Bunun yanı sıra “hırgız”, “tamam,” “hadi bre”, “para” ve daha kulağa tanıdık gelebilecek pek çok kelimeyi ve ifadeyi diziyi dikkatli izleyenler fark edebilir. Bu nedenle izlemek isteyenlere tavsiyem, diziyi İsveççe orijinal dilinde ve diledikleri altyazı ile izlemeleridir. “Göçmen İsveççesi” ile dilin yeni bir hal aldığını, argo ve küfürlerin Türkçedekine benzer şekilde, acayip tamlamalarla alışılmadık imgeler yarattığını belirterek yetinmiş olayım bu yazıda. Ancak rap müzik meraklıları Spotify’da dizide kullanılan müziklerinin olduğu listelere ulaşabilir.

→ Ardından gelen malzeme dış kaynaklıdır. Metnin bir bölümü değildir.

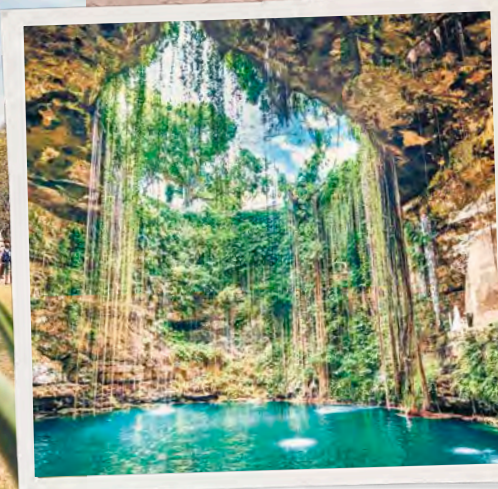
In questa pagina, dall'alto: piatto tipico messicano; tipiche danze messicane; cenote; cascate di Agua Azul.
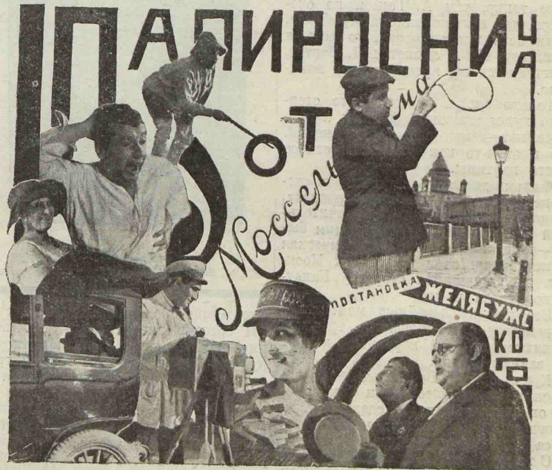
ПОСТАНОВКА „РУСЬ“ (РЕЖИССЕР Ю. ЖЕЛЯБУЖСКИЙ).
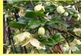
学名: Clematis cirrhosa 科名: キンボウゲ
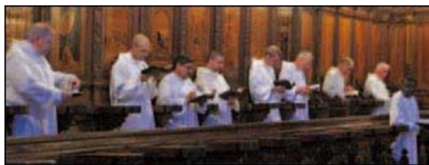
Gli Olivetani durante la preghiera nel coro della chiesa abbaziale, intarsiato da fra Giovanni da Verona.

I piatti della cucina povera toscana si possono trovare nel menù del ristorante collegato all'abbazia, anche se molti turisti non rinunciano alla tradizionale fiorentina cotta alla brace. I poderi adiacenti al monastero ospitano anche un agriturismo con una vista mozzafiato sui vigneti.
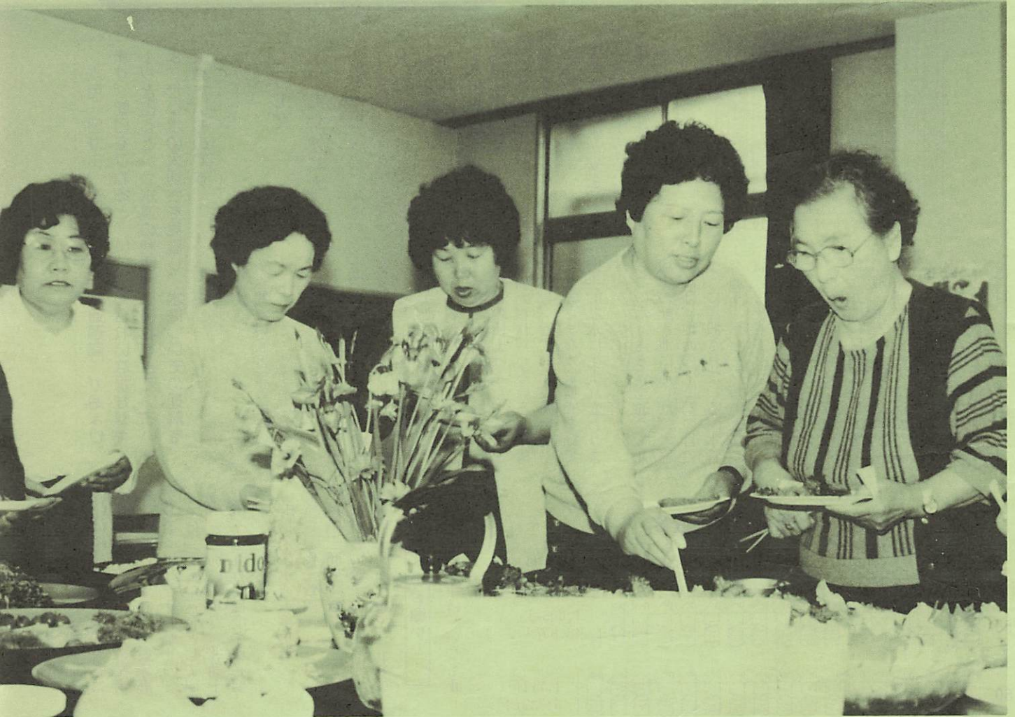
「あれも、これもおいしそう」とつい手が出て……
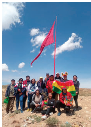
Como cada fecha cívica, se rindió homenaje con la bandera gigante / CEDIDA A LA PATRIA

La concentración se realizó en puertas de la Basílica Menor de Nuestra Señora del Socavón, desde donde los participantes iniciaron la caminata cuesta arriba portando el emblema rojo carmesí,
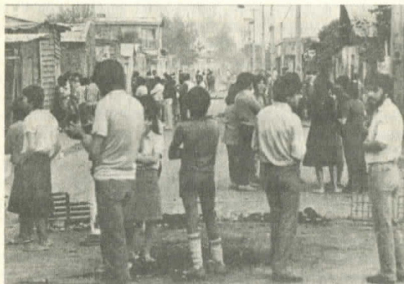
Las poblaciones: siempre hambre y represión

Dei y los sectores neo fascistas se expresan a través de los grupos conservadores, gremialistas y de las organizaciones políticas que la dictadura quiere crear para su perpetuación. Los sectores centristas de la Iglesia están conformados por la DC. Y los izquierdistas por los partidos obrero-cristianos, los partidarios de la teología de la liberación, los curas y monjas de la nueva generación que tienen contacto con los pobladores y con la vida misérrima del pueblo real en los lugares mismos en que viven.

Kolay Para dikkatli bir gözle izlendiğinde farklı katmanları olan, gerilim, suç, aşk ve polisiye gibi görsel anlatı türlerini bir arada sunan bir dizi. Hikâyesindeki kimlik, göçmenlik, sınıf gibi büyük meseleleri işleyen ve 2000’lerden sonra yapılmış filmlerle de birlikte düşünülebilecek bir yönelime sahip. Öncesinde Lukas Moodysson Daima Lilya (2002) ile, Stieg Larsson’un Milenyum Üçlemesi’nden aynı adla uyarlanan filmleri (2009) ile –ki burada orijinal İsveç yapımından bahsediyorum, su katılmış Hollywood versiyonundan değil– ve Gabriela Pichler 2012 yapımı Äta Sova Dö (Eat Sleep Die) ile benzer konulara, farklı üsluplarla değinmişti. İsveç nasıl Instagram’daki manzara resimlerinden ibaret değilse, suçtan ve çetelerden de ibaret değil elbette. Mesele eğer başka dünyalara sığınmak ya da dijital kaçış ise, güya “kapanma”nın da olduğu bir zamanda Kolay Para kalburüstü bir dizi olarak İsveç özelinde hem alternatif ve alışılmadık bir kaçışa imkân tanıyor hem de özünde çok da farklı olmayan meseleler üzerinde düşünmeye teşvik ediyor izleyeni; dünyanın neresinde olursa olsun!